POSITIONNEMENT RELATIF TEMPOREL EN QUASI-TEMPS RÉEL
AVEC CORRECTIONs PAR FERMETURE DE CHEMINEMENT

 

Le Positionnement Relatif Temporel (PRT) est une méthode permettant de mesurer des vecteurs à l’aide d’un unique récepteur. Le mode opératoire de cette méthode consiste à se déplacer entre une station connue et une station inconnue, et à observer la phase de l’onde porteuse avec un seul récepteur de façon continue. L’inconvénient de cette méthode provient de l’accroissement de l’erreur de positionnement de la station inconnue lorsque l’intervalle de temps entre les deux stations augmente. Cet accroissement provient principalement de la variation temporelle du délai ionosphérique, des erreurs de corrections d’horloges et d’orbites des satellites pour ne nommer que les plus importantes. Une solution à ce problème consiste, après avoir observé sur la station inconnue, à revenir sur la station connue. Ainsi il est possible de connaître la variation temporelle de l’erreur de positionnement entre le début du cheminement et sa fin. En assumant que cette variation est pratiquement linéaire pour un laps de temps typiquement d’une demi-heure, il est possible pour chaque instant du cheminement d’estimer par interpolation temporelle l’erreur de positionnement et ainsi de la corriger. Les résultats présentés dans ce mémoire montrent que cette méthode de corrections par fermeture de cheminement permet une amélioration de la précision d’un positionnement relatif d’environ 60% avec des observations monofréquence et de 40% avec des observations bifréquence. Cette méthode permet pour un trajet aller-retour d’une minute d’effectuer un positionnement avec une précision de 10 cm sur chacune des composantes horizontales ainsi qu’une précision de 20 cm sur la verticale à un niveau de probabilité de 95% avec des observations monofréquence.

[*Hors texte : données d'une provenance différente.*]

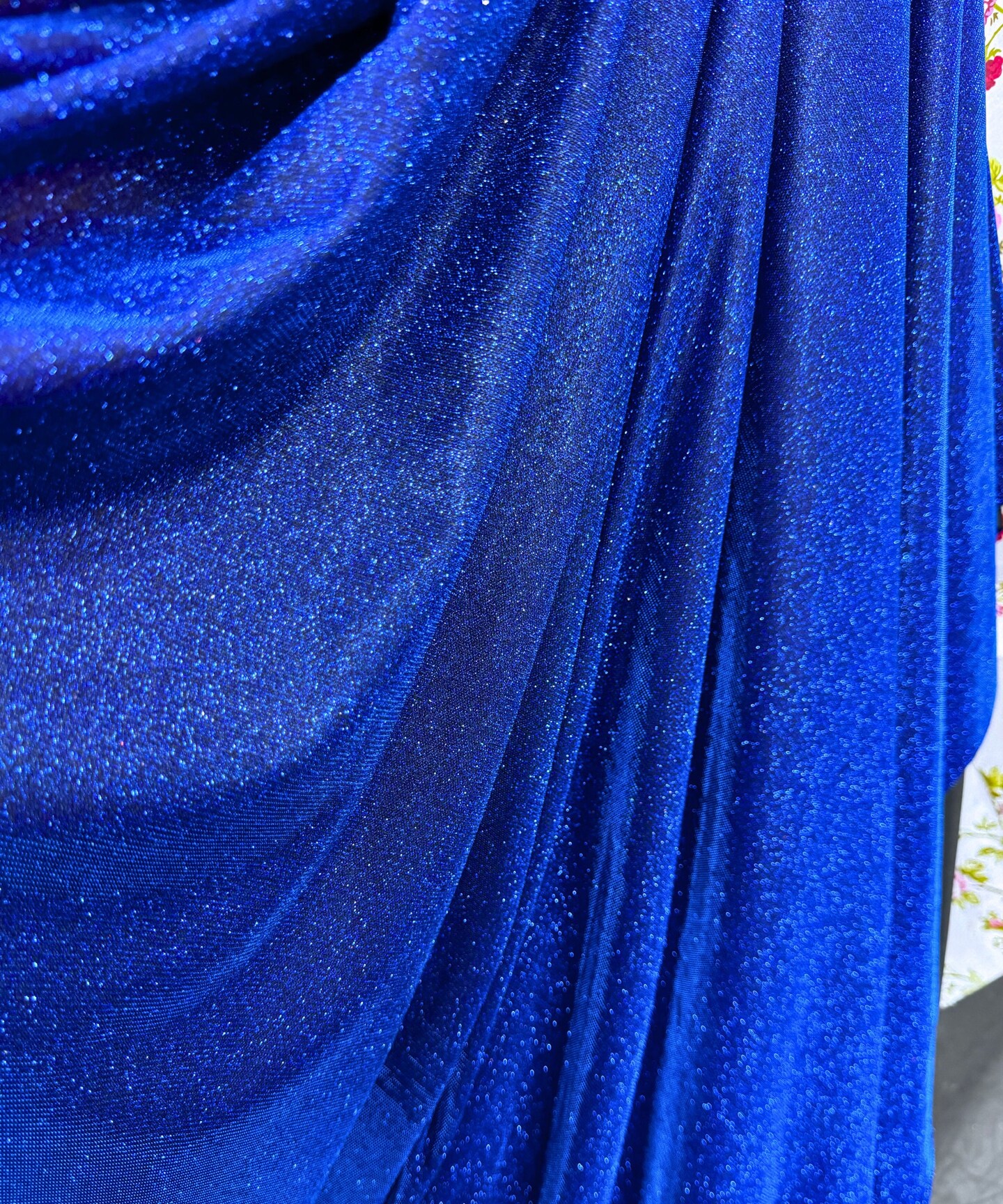 Royal Blue Glitter Lurex Knit Fabric by the Yard, 60" Wide Sparkle Metallic Stretch Fabric for Costumes, Gowns, Dancewear

Pour le positionnement relatif temporel avec corrections par fermeture de cheminement, les deux principales sources d’erreurs proviennent de la variation temporelle du délai ionosphérique et de la variation temporelle des erreurs de corrections d’horloge transmises. Dans le cas d’applications en quasi-temps réel, l’alternative aux orbites et aux corrections d’horloge transmises sont celles ultrarapides générées par le International GPS Service (IGS). Cependant, ces dernières ne produisent aucune amélioration de la précision d’un positionnement relatif temporel avec corrections par fermeture de cheminement. Il est cependant possible, en utilisant un récepteur bifréquence, de corriger le délai ionosphérique et ainsi d’améliorer la précision du positionnement.